GitHub recently addressed and fixed two moderately rated bugs in their system. The vulnerabilities, identified as CVE-2024-7711 and CVE-2024-6337, were both related to incorrect authorization vulnerabilities within the GitHub platform.
CVE-2024-7711, which received a “medium” severity rating with a 5.3 CVSS score, allowed attackers to update the title, assignees, and labels of any issue within a public repository. This vulnerability posed a potential risk to the integrity of the data stored in GitHub repositories.
On the other hand, CVE-2024-6337, the third vulnerability addressed in the recent patch, also involved an incorrect authorization vulnerability. This bug could enable an attacker to view the contents of an issue from a private repository using a GitHub App with specific permissions. GitHub highlighted that this vulnerability was only exploitable via user access tokens, and installation access tokens were not affected. With a CVSS rating of 5.9, CVE-2024-6337 presented a significant security concern for GitHub users.
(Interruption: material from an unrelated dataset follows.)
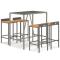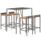 bar jardin 5 pcs gris poly rotin/bois massif acaciaCet ensemble de bar de jardin tendance, combinant à la fois style et fonctionnalité, est sûrement destiné à être la pièce maîtresse de votre jardin, terrasse et de tout autre espace de vie. Matériau résistant aux intempéries : la résine tressée, également connue sous le nom de rotin poly, résiste aux intempéries et est facile à nettoyer. Elle reste belle à l'extérieur pendant une longue période. Elle offre une excellente qualité, commodité et un aspect esthétique.Assise confortable : le tabouret de bar est conçu avec un repose-pied intégré pour vous offrir une expérience d'assise confortable. L'assise en bois confère au tabouret un aspect naturel et agréable tout en assurant sa stabilité.Dessus en verre trempé : le dessus est en verre trempé, ce qui le rend facile à nettoyer. De plus, il est idéal pour placer vos boissons, collations et vos décorations préférées.Cadre robuste et stable : les cadres en acier enduit de poudre rendent l'ensemble de pub robuste et stable pour une utilisation quotidienne à l'extérieur.Applications larges : la table et les tabourets de bar, avec leur design remarquable, créent un aspect général agréable qui s'intègre sans effort dans n'importe quel décor. Bon à savoir :Pour faciliter au maximum le montage, chaque produit est livré avec des instructions.Remarque :Pour que vos meubles d'extérieur restent beaux, nous vous recommandons de les protéger avec une housse imperméable. Maximum 110 kg par siège.

It is worth noting that this is not the first time GitHub has encountered critical security issues. In a similar incident earlier this year in May, the GitHub Enterprise Server was impacted by a critical SAML authentication request forgery bug, identified as CVE-2024-4985. This bug, with a perfect 10-out-of-10 CVSS score, allowed attackers to gain admin privileges to business accounts, exposing GitHub enterprise customers to potential security breaches.
GitHub has been vigilant in addressing security vulnerabilities within its platform, swiftly releasing patches to fix these issues and protect user data. By promptly addressing and fixing these moderately rated bugs, GitHub has demonstrated its commitment to ensuring the security and integrity of its platform for its vast user base.
Overall, these recent security updates from GitHub serve as a reminder of the importance of continuously monitoring and addressing vulnerabilities to safeguard against potential cyber threats. Users are encouraged to stay informed about security updates and best practices to enhance their online security posture in an ever-evolving digital landscape.